Your dad is the executor of the estate -- legally, he is taking what they call a "fiduciary" role -- that means he's handling someone else's money, and since your Grandmom is dead, the money doesn't belong to a person as such, but if there is cash available, it does belong to the heirs once the estate is settled.
If he did not sign the note (the I O U) with the bank, then he is not liable for the loan payments, although the ESTATE is. That means that if the bank forecloses on the house, they can go after the ESTATE for any balance due. So he can't hand money out to the heirs before satisfying (paying) the debts. So, while he doesn't personally OWE any money to the bank, if he were to empty a few bank accounts that belonged to your Grandmom and divide the money between him and his siblings, then, yes, the bank could seek to have that money returned to the Estate to pay its debts.
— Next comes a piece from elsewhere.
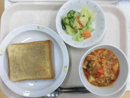 調理員さんたちが1枚1枚ていねいにぬった、セサミトーストが焼き上がりました。たっぷり入ったごまの香りで食欲が進みます。かわいいアルファベットマカロニが人気のミネストローネもできあがりました。

When a bank or mortgage comnpany forecloses on a house, they have to give the owners, in this case the Estate, so your dad gets the paperwork, notice. Then they go to the court and show the judge the note and mortgage, and they get what is called a judgment of foreclosure. That means, the customer signed the note that says, "In trade for this loan, I agree to pay X dolloars a month for so many years, etc . . . " The "mortgage" document simply states that because you gave me the loan, I am backing up my signature and good intentions of paying you back, with my home. I pledge that if I don't pay, you have the right to take the balance I owe you out of the equity in my house. So if your home is worth 80,000 and you are using it to back up a 20,000 loan, then the bank can't just take the home and sell it for 80,000 and pocket the difference. The court sells the home in a foreclosure sale (usually at an attorney's office). The bank will bid only what is owed to them -- the interest, fees, and principal amount that is owed. If someone else comes to buys the house, for say, 30,000, and the bank only bid 20,000 to cover its costs, then the person bought an 80,000 home for 30,000 and got a steal. The bank gets its 20,000 and the Estate would get the remaining 10,000. The bank isn't in business to steal your money, they are just trying to get what is legally due to them to repay the loan.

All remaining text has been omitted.